To that end, Facebook’s Creative Shop recently designed a campaign for Budweiser to promote the beer brand’s sponsorship of the Made in America music festival. It commissioned Vice Media to produce videos about artists at the festival, and targeted each advert at a particular set of Facebook users to maximise their impact.
Is this the beginning of the end of the standalone creative agency?
Google has been at pains to point out that whatever it may look like, it is not trying to go straight to brands and disintermediate - cut out - creative agencies. The goal of The Zoo is to explain how creative works on Google, John Militello, an executive creative director at Google, told the FT last month.

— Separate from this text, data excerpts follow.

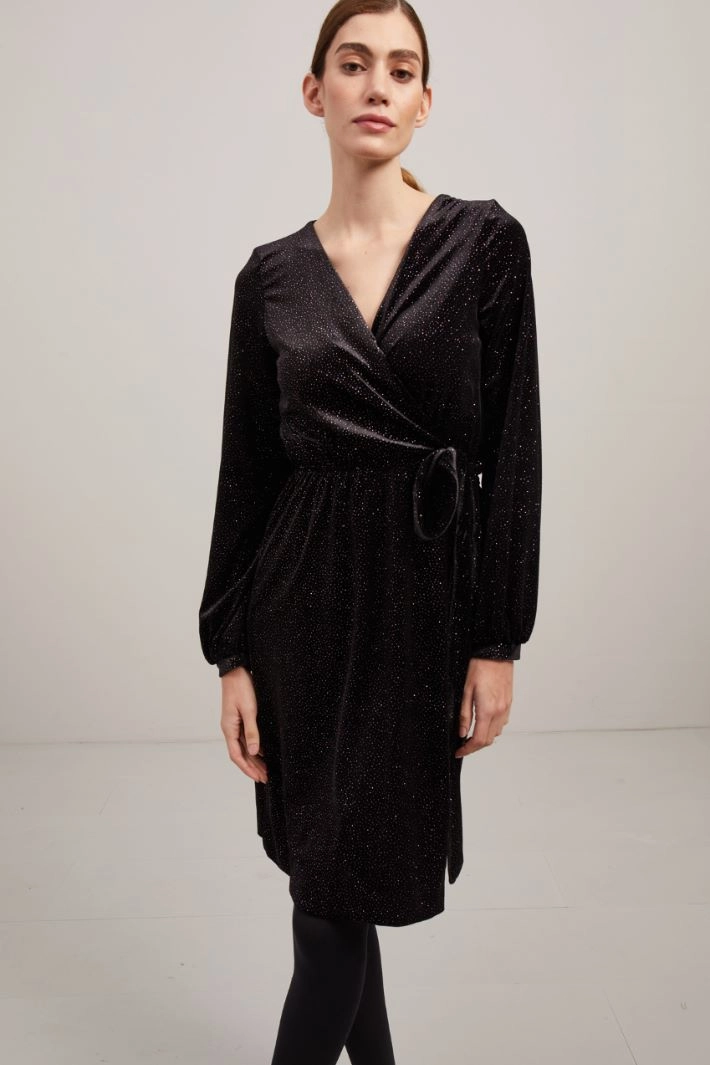 Abito a portafoglio realizzato in ciniglia stretch, con scollo a V maniche lunghe con polsino e inserto elastico in vita. Sfoderato.
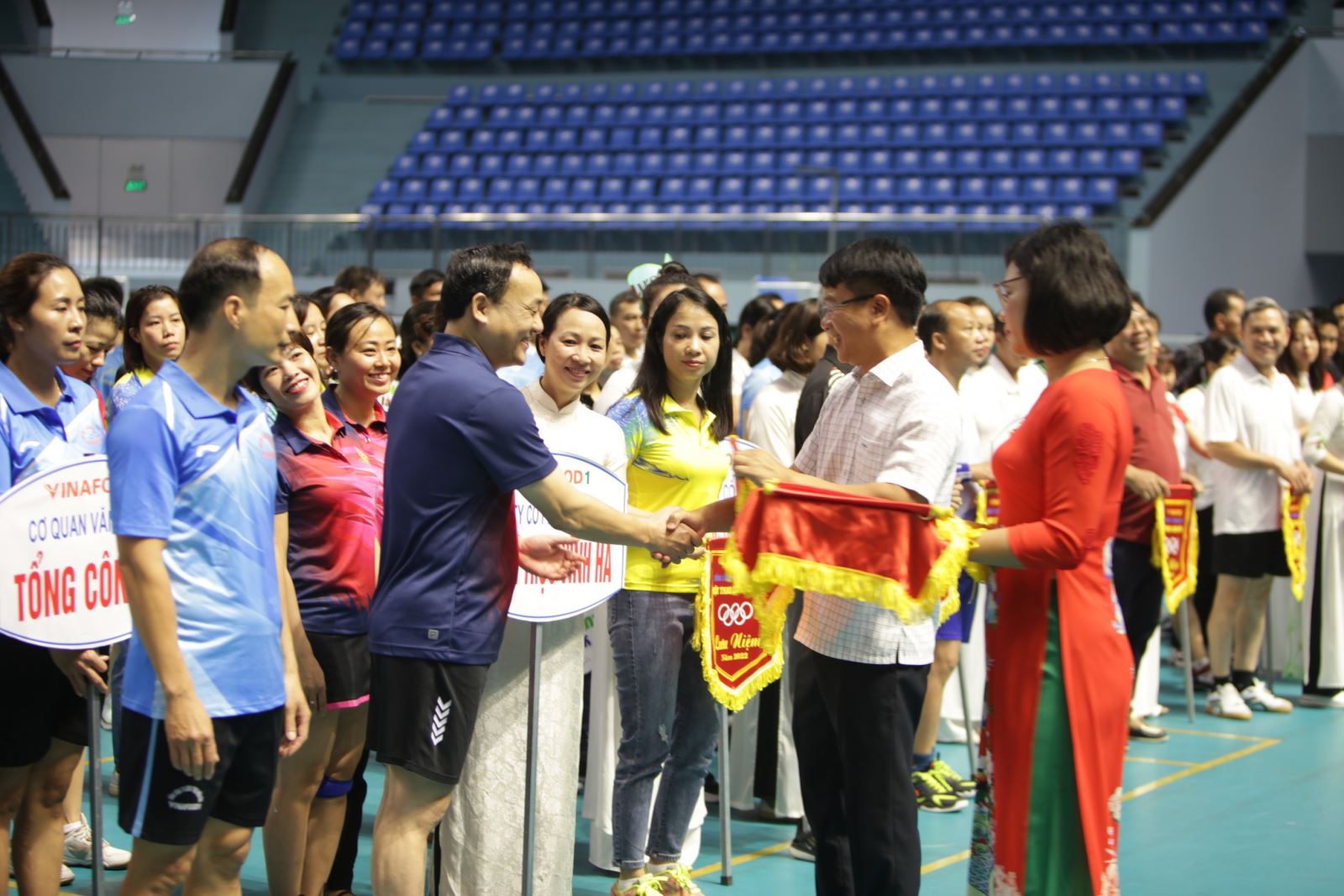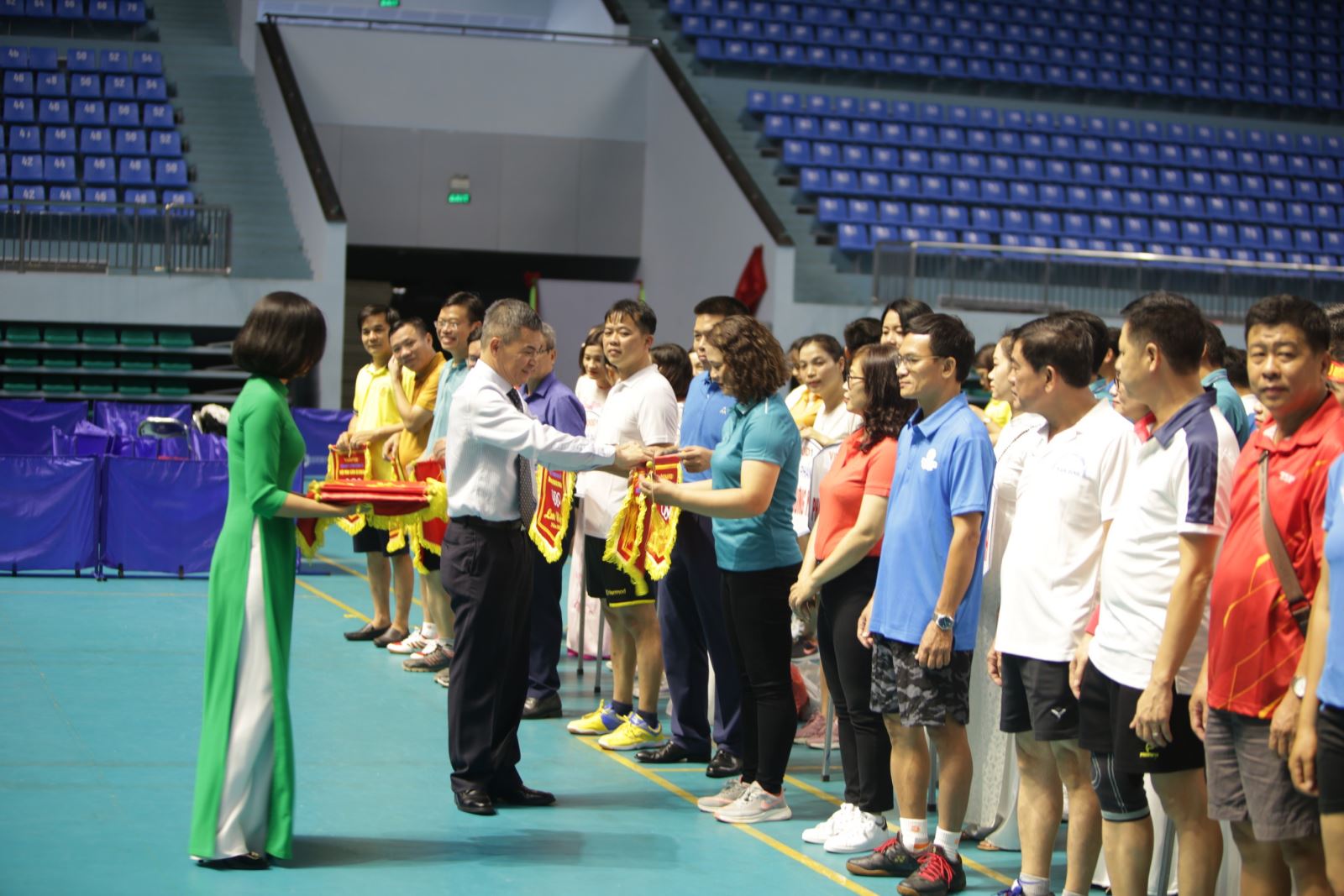 Trao cờ lưu niệm cho các đoàn tham gia hội thao
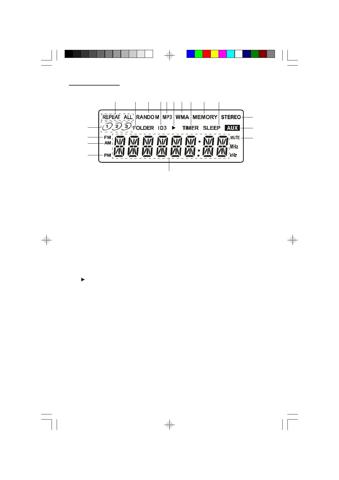 (Clock, Radio Frequencies, ID3, Tracks #, Folder #, Volume Level, Memories)

The in-house agency’s role is "to inspire, educate and collaborate" with big brands and agencies," he said.
Facebook and Google have historically built their businesses on direct response advertising where customers are driven directly to a product page and presented with an option to buy something. Trouble is, insiders believe, users like you and me are wising up to their value to these companies and will soon start charging for their data, which Facebook and Google currently get for free, thus putting the brakes on Facebook and Google’s expansion.
At the same time, societies are becoming ever more wary of how these companies use the data they’ve collected gratis.
The right to be forgotten
Europe’s top court recently required Google to remove links to a 16-year-old newspaper article about a Spanish man's bankruptcy. The search engine has since received tens of thousands of requests to do the same sort of thing.

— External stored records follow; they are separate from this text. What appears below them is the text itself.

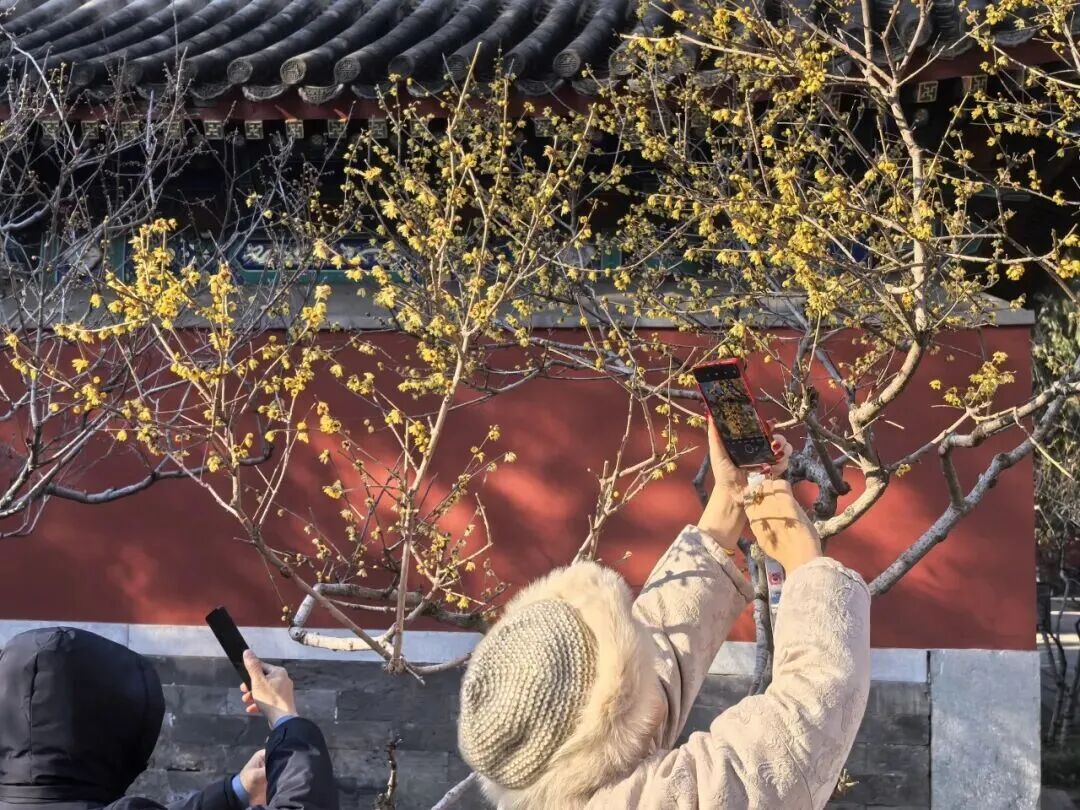 传统景区魅力不减。元旦假期,颐和园以23.43万人次的接待量位居全区榜首,圆明园遗址公园、紫竹院公园、玉渊潭公园、香山公园紧随其后。国家植物园(北园)卧佛寺内,早花蜡梅“十月梅”凌寒盛放,金黄的花朵映衬着红墙古寺,吸引大量市民前来寻梅赏景。香山公园则在元旦清晨于双清别墅举行庄严的升旗仪式,并在假期开展多场义务讲解,让游客在登高祈福的同时,接受红色文化的熏陶。
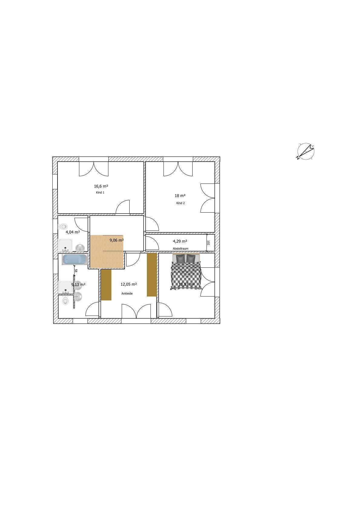 Die Fenster müssen noch etwas exakter und symmetrischer ausgerichtet werden,Nein.Du hattest vorher schon ein ungünstiges Verhältnis von vielen Räumen auf wenig Fläche - das hast nicht nur nicht verbessert, sondern durch die Quadratisierung noch verschärft. Diese Maßnahme führt stets zu Tetris und schlauchigen "Querschnitten". Allein die Quadratisierung führt zu einem Flächenmehrbedarf von pauschal gepeilt zehn Prozent - zumindest entsprechend "abgezinst" hast Du das Haus also kleiner gemacht, ohne die zu bauende und zu zahlende Fläche zu verringern. Symmetrie führt zu einem vergleichbaren Aufschlag; und sie ist "Ästhetik für Proportionslegastheniker". Ich würde sagen, den Schuß nach hinten hast Du bis jetzt schon mit ordentlich Schmackes gegen die Latte geknallt. Das nun noch mit Symmetrie nachzuwürzen, würde die versalzene Suppe perfekt machen.
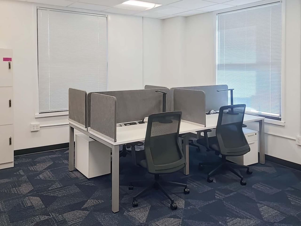 Arbeiten Sie den ganzen Tag über mit viel natürlichem Licht, das durch die Fenster scheint und eine konzentrierte Umgebung für wichtige Aufgaben bietet.
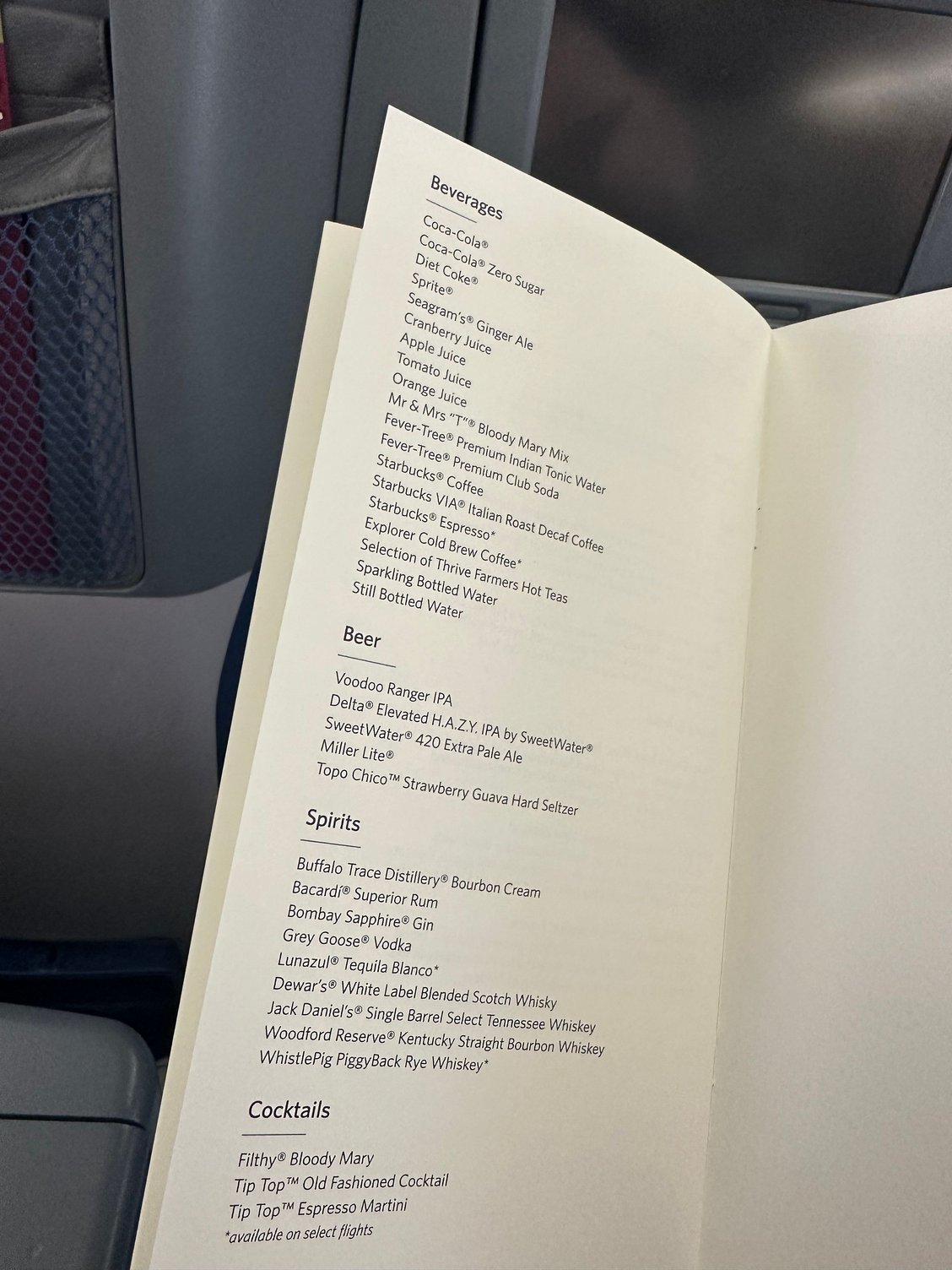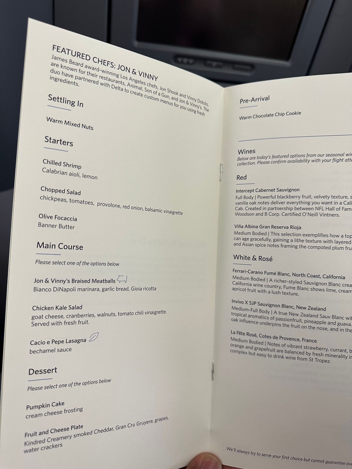 At least on the domestic front, D1 service seems to be back to pre-Covid levels. This is a change from earlier this year. Printed menu on today’s LAX to JFK is below. The service is phased, with warm nuts, entree, and desert offered. Selections of wine (while still mediocre) are better than they were a year ago. Flight attendants seem to be better trained.

And this month, the EU ruled that US companies Facebook and Google must meet Europe's data protection rules, a first step in a move to tighten privacy laws across the continent - an issue that has heated up following revelations of US. spying in Europe.
All this has served as an incentive for Google and Facebook to move into brand advertising. It could be very good news for brands based on the massive penetration of these two businesses, thus offering potential reach that many brands can only dream of.
Ultimately, it will be the audiences who ultimately decide where those brand advertising dollars go.
Google and Facebook have disrupted the business model and grown at a simply astonishing rate. Many brands hope that by linking up with these giants, some of the magic dust will rub off on them too and make them cool, sexy and sought-after.
Many clients today are even looking to buy in technology in a bid to add that bit of extra creative sparkle through technological means. Who’s to say they are wrong in this age of change? Creative agencies must be aware of these potential threats and either adapt or face a less certain future.
Ultimately, it will be the audiences who ultimately decide where those brand advertising dollars go. Defenders of traditional media point to the vast audiences TV delivers – 111m watched the US Superbowl this year. But digital advocates have an ace up their sleeve. They know the days of audiences consuming media passively are long gone; they expect to interact with the culture, entertainment and advertising messages that they consume.
"People don’t want to just sit back and watch an ad; they want something useful from a brand," says Militello. An audience’s need for interaction is something digital does best. It might be all the advantage it needs.